Set down exactly, from the records below, the line with "Величественный коричневый конь" through the line with "SFPホールディングスは株主", and nothing else.

**DATA TO USE:**
◇ ◇ ◇ ◇
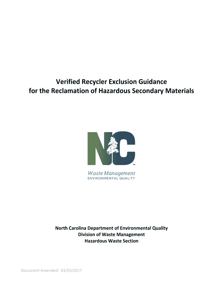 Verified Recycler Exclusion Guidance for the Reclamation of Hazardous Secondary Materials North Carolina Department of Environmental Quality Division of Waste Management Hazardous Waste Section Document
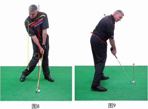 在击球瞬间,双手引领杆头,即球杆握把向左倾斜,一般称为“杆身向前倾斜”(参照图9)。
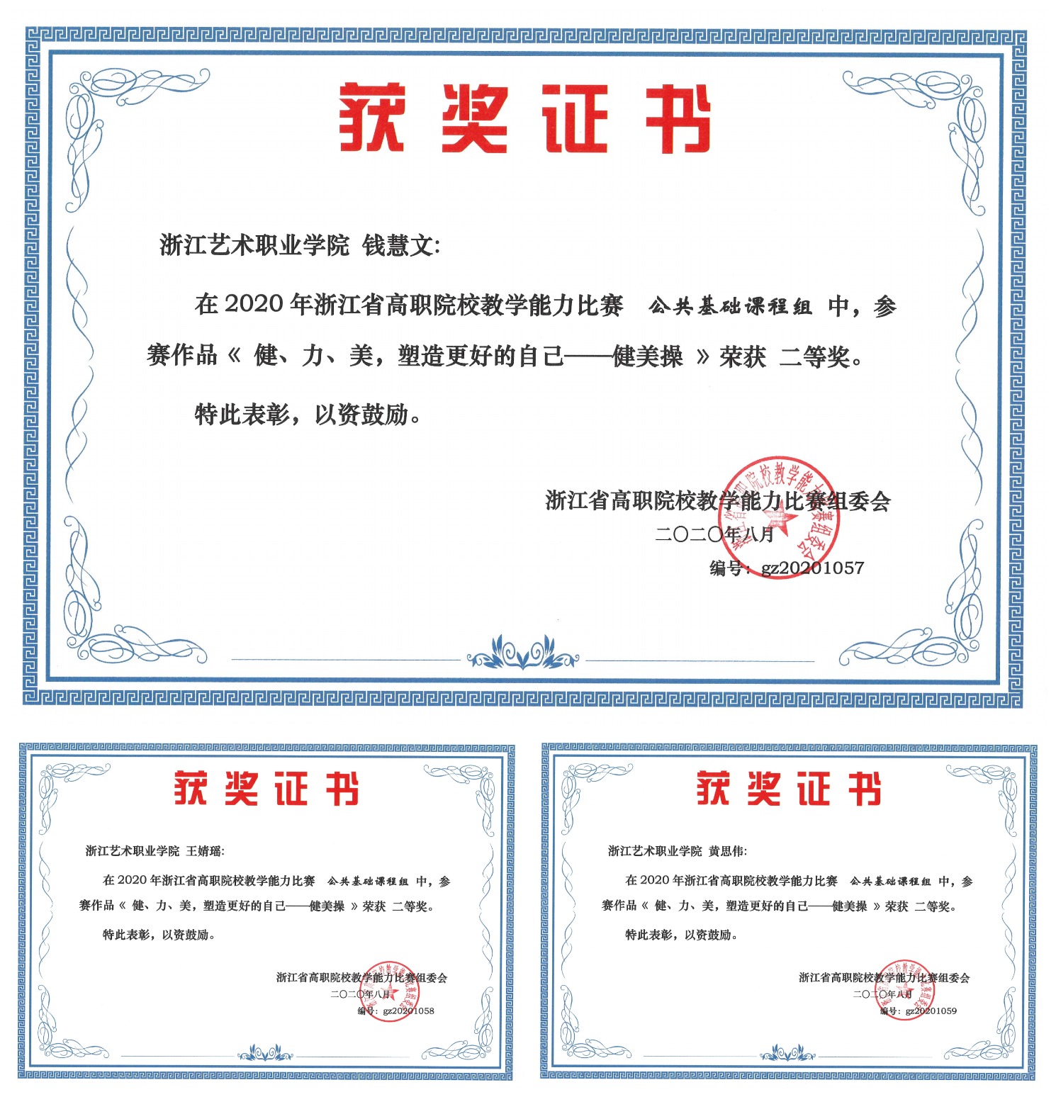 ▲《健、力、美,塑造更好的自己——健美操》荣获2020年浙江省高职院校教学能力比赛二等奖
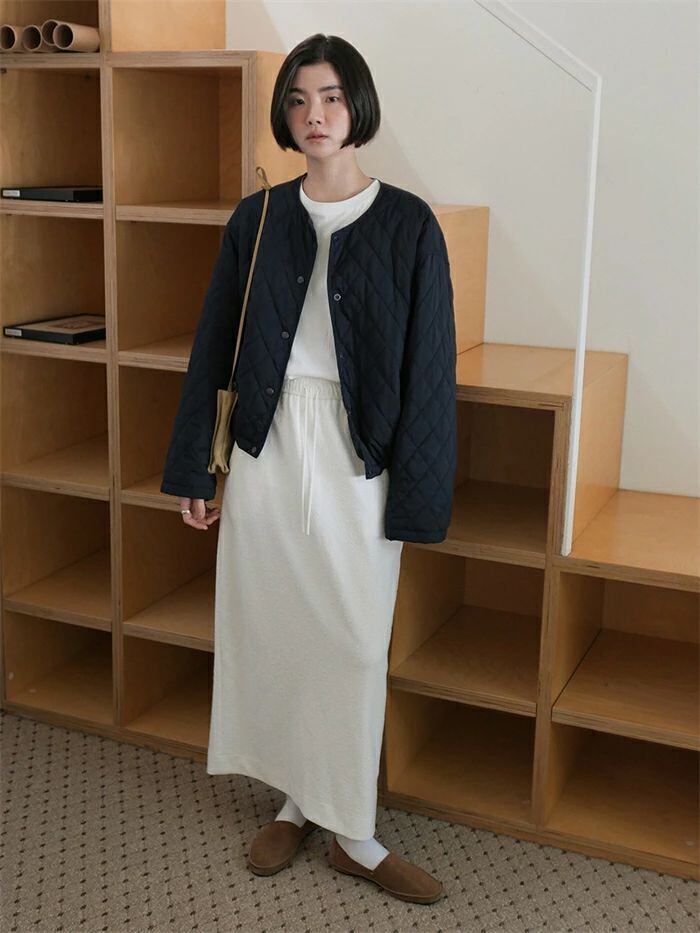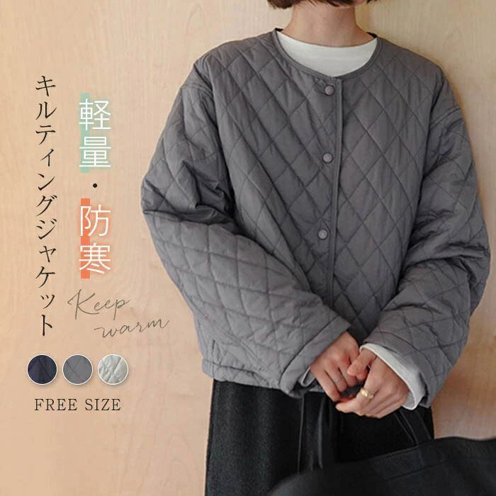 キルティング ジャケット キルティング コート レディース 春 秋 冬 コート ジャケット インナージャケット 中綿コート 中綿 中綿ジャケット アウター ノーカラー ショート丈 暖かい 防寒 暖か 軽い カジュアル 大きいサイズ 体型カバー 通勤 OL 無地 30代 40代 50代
◇ ◇ ◇ ◇
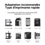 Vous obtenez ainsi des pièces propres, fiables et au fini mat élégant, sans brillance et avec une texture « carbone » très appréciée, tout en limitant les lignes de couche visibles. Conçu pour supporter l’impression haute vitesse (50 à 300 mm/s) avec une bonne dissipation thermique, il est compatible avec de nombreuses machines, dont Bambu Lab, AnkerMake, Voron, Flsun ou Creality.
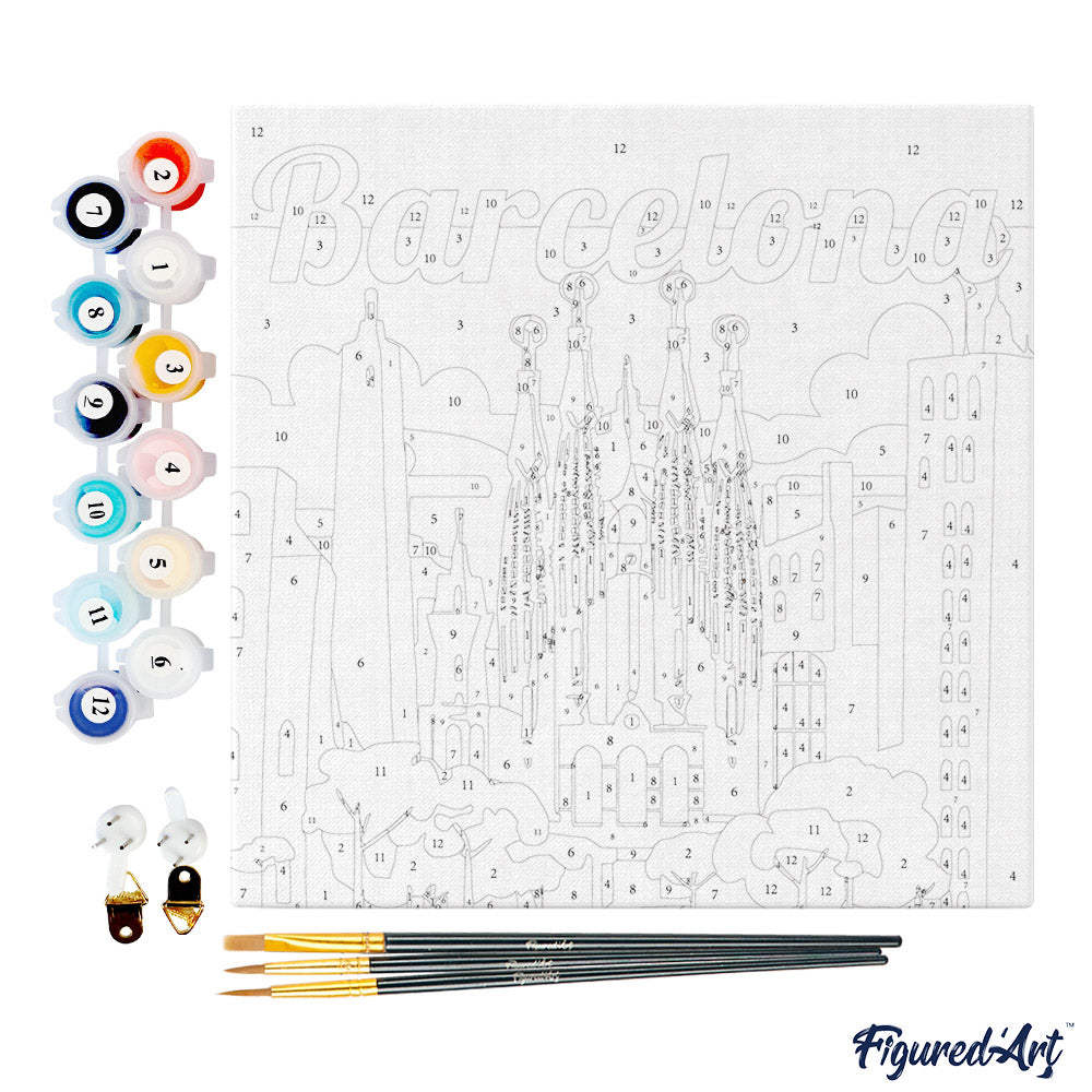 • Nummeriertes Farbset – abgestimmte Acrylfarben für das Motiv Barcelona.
◇ ◇ ◇ ◇
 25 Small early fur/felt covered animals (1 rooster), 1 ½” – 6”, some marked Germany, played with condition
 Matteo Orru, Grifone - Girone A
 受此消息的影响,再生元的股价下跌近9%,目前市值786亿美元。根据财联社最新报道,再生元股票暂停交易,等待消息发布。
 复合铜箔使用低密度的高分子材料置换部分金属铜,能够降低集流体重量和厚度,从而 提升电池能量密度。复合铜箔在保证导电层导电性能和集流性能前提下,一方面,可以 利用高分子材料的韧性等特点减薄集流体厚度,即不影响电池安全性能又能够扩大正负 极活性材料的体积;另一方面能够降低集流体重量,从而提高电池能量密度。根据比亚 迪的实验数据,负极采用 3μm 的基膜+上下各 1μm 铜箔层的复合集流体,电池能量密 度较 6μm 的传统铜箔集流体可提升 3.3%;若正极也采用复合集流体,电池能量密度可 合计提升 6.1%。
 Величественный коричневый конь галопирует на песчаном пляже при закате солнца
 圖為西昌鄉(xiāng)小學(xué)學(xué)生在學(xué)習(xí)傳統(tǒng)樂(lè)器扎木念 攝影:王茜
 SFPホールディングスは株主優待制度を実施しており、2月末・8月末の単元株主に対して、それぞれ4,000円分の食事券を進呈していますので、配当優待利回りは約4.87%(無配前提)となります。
◇ ◇ ◇ ◇
**COMPLETED TASK:**
 Величественный коричневый конь галопирует на песчаном пляже при закате солнца
 圖為西昌鄉(xiāng)小學(xué)學(xué)生在學(xué)習(xí)傳統(tǒng)樂(lè)器扎木念 攝影:王茜
 SFPホールディングスは株主優待制度を実施しており、2月末・8月末の単元株主に対して、それぞれ4,000円分の食事券を進呈していますので、配当優待利回りは約4.87%(無配前提)となります。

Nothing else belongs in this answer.